Shielded Site

2022-05-28 22:33:16 By : Mr. WEIBIAO LIN

Plastic bags used for animal feed are creating large amounts of waste that no one wants to recycle because it does not turn profits, says a rural plastic waste collector.

Neal Shaw, Plasback commercial manager, said only 10% of a small woven polypropylene bag could be recycled, and because it was not economical to pay for their collection, these bags were going to land fills.

There was, however, a drive to recycle plastics from silage bale wraps, because recyclers could recover 60-70% of it and turn it into other sellable products. But the industry should not just focus on these returns, and take collective responsibility to clean itself up even when there were no profits to be collected, Shaw said.

At the moment farmers bought bins which they lined with large collection bags, which were then filled with up to 200 bale silage wraps. The collection bags were collected at a cost, Shaw said.

READ MORE: * 'Hidden story' of industrial-sized plastic bladders going to landfills * The plastics not worth recycling: Being green is all about the green * Collection companies make it easy for farmers to dispose of agri-waste

Plasback had collected more than 21,000 tonnes of silage wrap and other used plastics on farms over the past 15 years. There was a 20% increase in bin sales over the last year, and an exponential increase in the sale of collection bags, showed farmers wanted to take responsibility for their waste, Shaw said.

The increase in efforts to recycle was particularly visible after Fonterra’s Co-operative Difference initiative was launched last year, Shaw said.

Up to 10 cents of Fonterra shareholders’ milk payment came from on-farm sustainability efforts. Recycling was one way to earn the payments, Shaw said.

But it was time sellers and importers of polypropylene bags took responsibly and helped with costs to recycle other plastic products, Shaw said.

However, polypropylene bags held such low value that farmers had to pay processors a fee to take it, Shaw said.

“While Plasback can cover the cost of processing, baling and shipping used silage wrap by selling it to recyclers, there is no ability to do so with small woven polypropylene bags. If we were to collect these small bags from farms, all we could do is store them, dump them, or lose money by giving them to a recycler,” Shaw said.

The collection could be the same as for silage wraps, Shaw said.

“Companies that supply the plastic should have a mechanism for their waste to be recycled and help cover the cost of doing so,” Shaw said.

“It flies in the face of the Government’s decision to make farm plastics a priority product under the Waste Minimisation Act. By 2024 the industry is expected to have a recycling programme in place for all agricultural waste plastic.

“If rural merchants contributed to the cost of collecting the 20kg small woven polypropylene bags that they sell, it would cover the costs of delivering them to a recycler,” Shaw said.

“It is one thing to have ‘sustainability teams’ and ‘thought leadership’, but it is another to offer customers practical ways to deal with waste and back this up financially,” Shaw said.

Farmlands chief operating officer Kevin Cooney saidit was carrying out waste minimisation trials for feed and seed packaging, and was working with an environment consultant to study alternative packaging options.
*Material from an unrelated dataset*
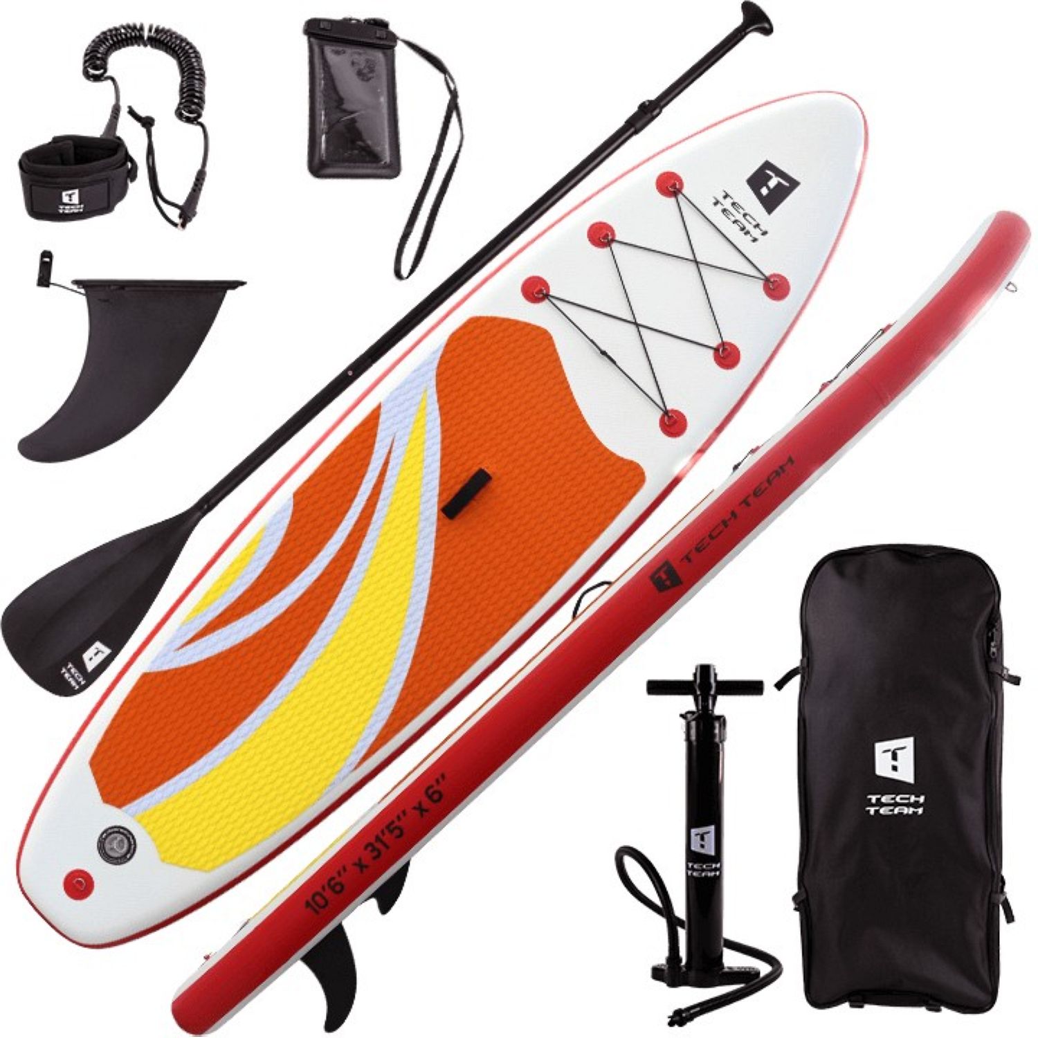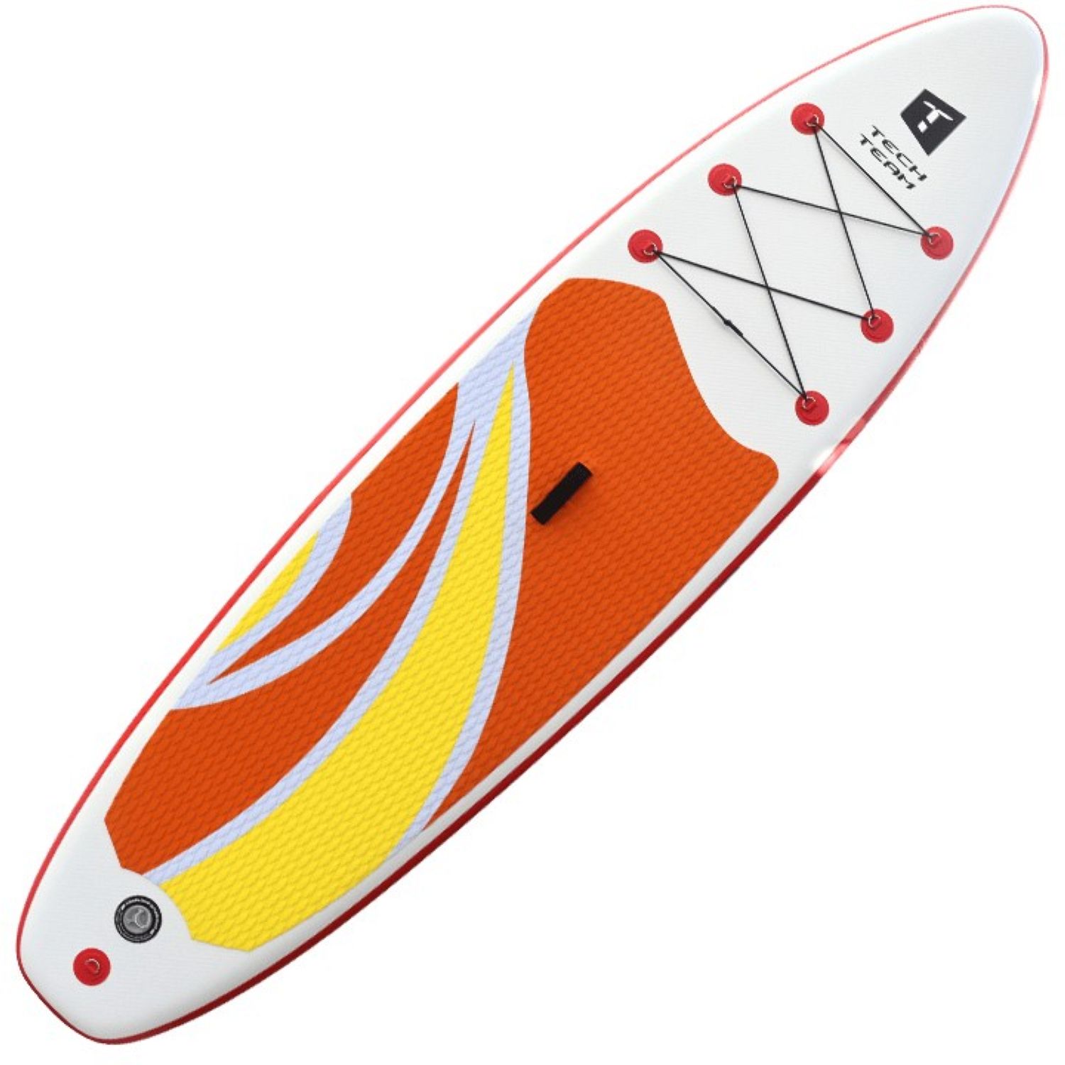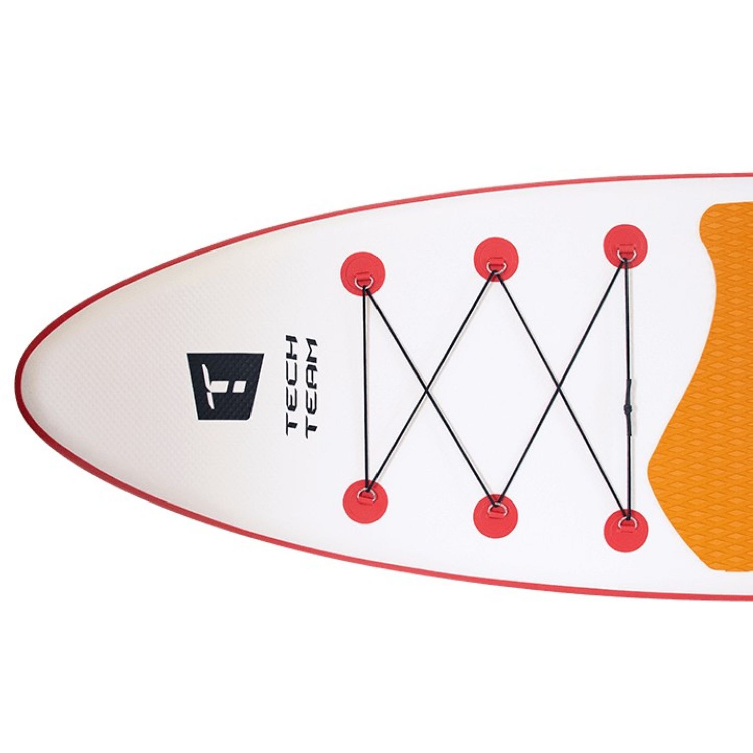 Шеститочечная карго-система (багажник) в носовой части надежно удержит груз на волнах. В передней нижней части доски размещено дополнительное D-кольцо, позволяющее швартовать его у берега или выполнять буксировку по воде. Насос двойного действия позволит быстро и компактно собрать сапборд в рюкзак после отдыха.
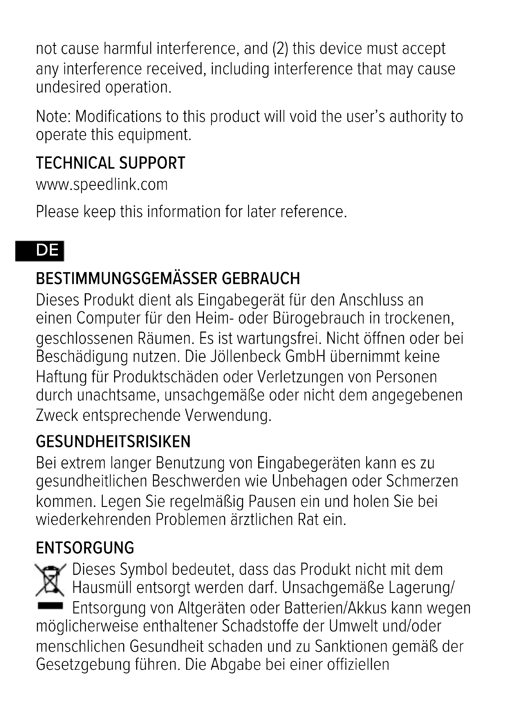 Sammelstelle ist kostenlos und gesetzlich vorgeschrieben, stellt die korrekte Entsorgung oder Verwertung/ Wiederverwendung sicher und leistet einen Beitrag zum Umweltschutz. Auskunft erteilen Behörden, Wertstohöfe oder Fachgeschäfte. Große Händler (Elektrogeräte- Verkaufsfläche ≥ 400 m²) nehmen Kleingeräte (alle Maße < 25 cm) kostenlos an, andere nur bei Kauf gleichwertiger Produkte. Batterien/Akkus möglichst entnehmen. KONFORMITÄTSHINWEIS Unter Einwirkung von starken statischen, elektrischen oder hochfrequenten Feldern (Funkanlagen, Mobiltelefonen, Mikrowellen-Entladungen) kann es zu Funktionsbeeinträchtigungen des Gerätes (der Geräte) kommen. Versuchen Sie in diesem Fall, die Distanz zu den störenden Geräten zu vergrößern. TECHNISCHER SUPPORT www.speedlink.com Bitte bewahren Sie diese Information zur künftigen Verwendung auf.

Farmlands had also invested in sustainability research.

Farmlands is a rural cooperative that provided farming advice, finance and farm inputs like buld fertiliser and seed.

While the work was in its early stages, Farmlands had been dealing with industry bodies to understand the options to improve its packaging footprint, Cooney said.

Manufacturers Association executive director Michael Brooks said it was aware recycling of woven polypropylene bags needed attention.

The association required all its members to have a Feed Safe NZ accreditation, Brooks said.

“We are talking with Ag Recovery (a recycler) and obtaining information on recyclable bags for animal feed. [We] will consider a standard relating to recyclable bags to be included in FeedSafeNZ after our investigation of the costs [and] suitability for the product is completed,” Brooks said.